Thank you, Grant, and good afternoon, everyone. Earlier today, KORU Medical Systems released financial results for the first quarter ended March 31, 2023. A copy of the press release is available on the company's website. During this call, we will make certain forward-looking statements regarding our business plans and other matters. These comments are based on our predictions and expectations as of today. Actual events or results could differ materially due to many risks and uncertainties, including those mentioned in the associated press release and our most recent filings with the SEC. We assume no obligation to update any forward-looking statements. I encourage listeners to have our press release in front of you, which includes our financial results as well as commentary on the quarter.
During the call, management will discuss certain non-GAAP financial measures in our press release and accompanying investor presentation and our filings with the SEC, each of which are posted on our website. You will find additional disclosure regarding these non-GAAP measures, including reconciliations of these measures with comparable GAAP measures in our press release and accompanying investor presentation and those filings. For the benefit of those listening to the replay, this call was held and recorded on Thursday, May 4, 2023, at approximately 4:30 p.m. Eastern Time. Since then, the company may have made additional comments related to the topics discussed and please refer to the company's most recent press releases and filings with the SEC.
Joining us on today's call is Linda Tharby, President and CEO of KORU Medical Systems; and Tom Adams, Core Medical's Interim Chief Financial Officer. Linda, please go ahead.
Thank you, Greg. Good afternoon, everyone, and thank you for joining us today. During today's call, we will use slides to support our commentary. To start, I will walk through business updates for the first quarter and provide updates on our progress thus far for '23. Tom will then discuss our financials and '23 guidance. I will then end with an innovation update and closing comments. Following our prepared remarks, the call will be opened up for Q&A.
The first quarter of 2023 marked a strong start to the year for the company as our team continues to make meaningful progress towards our Vision '26 strategy of achieving $60 million in revenue. This strategy is focused on one of the largest healthcare macro trends, the movement of care from the hospital to the home. In the quarter, we made significant progress in all 3 of our core business areas, delivering our sixth consecutive quarter of double-digit growth.

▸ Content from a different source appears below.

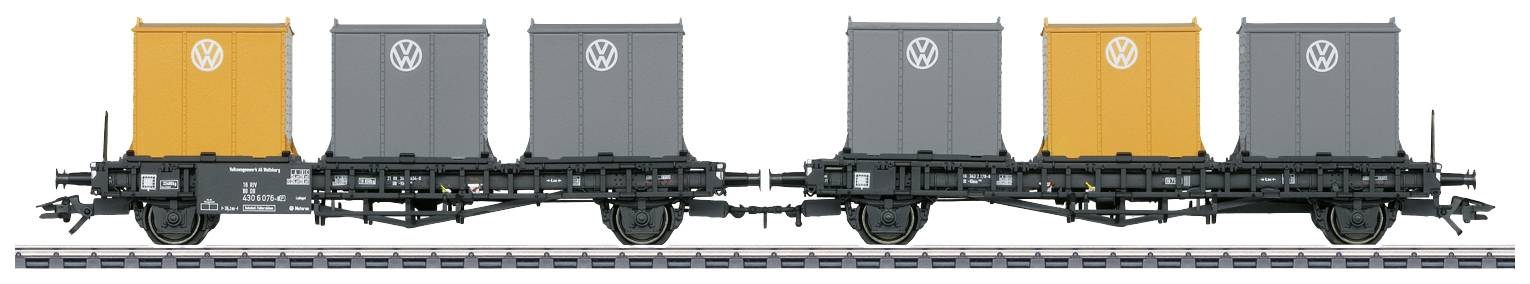 Model: Wagon do transportu kontenerów z kratownicami i różnymi numerami identyfikacyjnymi. Załadowano łącznie sześć kontenerów transportowych Volkswagena o różnych numerach kontenerów. Łączna długość z buforami ok. 28,2 cm. Zestaw przekładni prądu stałego E700580. Zestaw kół Trix Express E258259. Oficjalnie licencjonowany przez firmę Volkswagen. Logo VW musi znów znajdować się po tej stronie, jak w 46661. Ten model w wersji DC można znaleźć w gamie Trix H0 pod numerem artykułu T24162.

In our U.S. core business, we saw growth accelerate to 15%, and we remain focused on increasing our leadership position in the growing subcutaneous immunoglobulin market. In the quarter, we saw growth in several key areas, most notably our pump business, indicating increases in new patient starts and continued penetration of prefilled syringes. In our international business, an increase in SCIg drug availability, combined with our expansion efforts, led to a strong uptick in growth in the quarter to 23%.

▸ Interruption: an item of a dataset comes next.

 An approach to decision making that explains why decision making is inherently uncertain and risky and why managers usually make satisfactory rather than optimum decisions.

Importantly, we continue to progress our Novel Therapies business with the goal of adding additional drugs to our Coral Freedom subcutaneous pump infusion system. In the first quarter, we grew Novel Therapies revenue by 62% and added another pharmaceutical collaboration, bringing our total to 15. And our focus on building our foundation, I am pleased to report that we passed a significant milestone in the quarter as we completed our transition to a dual-source contract manufacturer for our consumables business. We also completed the closure of our Chester, New York facility and consolidated operations in our Mawa facility. Our operations and project management team's great efforts will pave the way for further margin improvement and inventory reduction throughout the year.
With the momentum with which we started the year, we remain confident to reaffirm our guidance and expect to end the year with revenues between $32.5 million and $33.5 million, representing growth in the range of 17% to 20%. I would like to begin today with our U.S. business, where our team is focused on continuing to build our leadership position in Subcu Ig therapy. Again, this quarter, we saw our growth exceed the overall market as we reported 15% core U.S. domestic growth. We continue to see the number of patients on Subcu therapy rise as all IG drug suppliers have reported consistent supply and continue to focus their efforts in this area.
While there are occasional fluctuations in reported monthly IG gram data, the overall SCIg drug market trends remain positive. This is evident by the fact that volumes grew 7% and 11% in the first and second half of '22, respectively. Volumes jumped to 12% through the first 2 months of '23, but fell in March, consistent with scripts, resulting in a flat Q1 versus 2022. Based on our review and conversations with IG drug manufacturers, we remain confident of double-digit market growth for '23. Additionally, overall, KORU's U.S. pump volumes grew by 16% for the first quarter of 23, a strong signal of our strength in our specialty pharmacy account activity and new patient starts. We continue to see increasing penetration of prefilled syringes in the market due to their overall convenience and patient preference. The conversion to prefilled cringes is a critical business driver as our Freedom Edge is currently the only pump with FDA clearance for use with prefilled syringes.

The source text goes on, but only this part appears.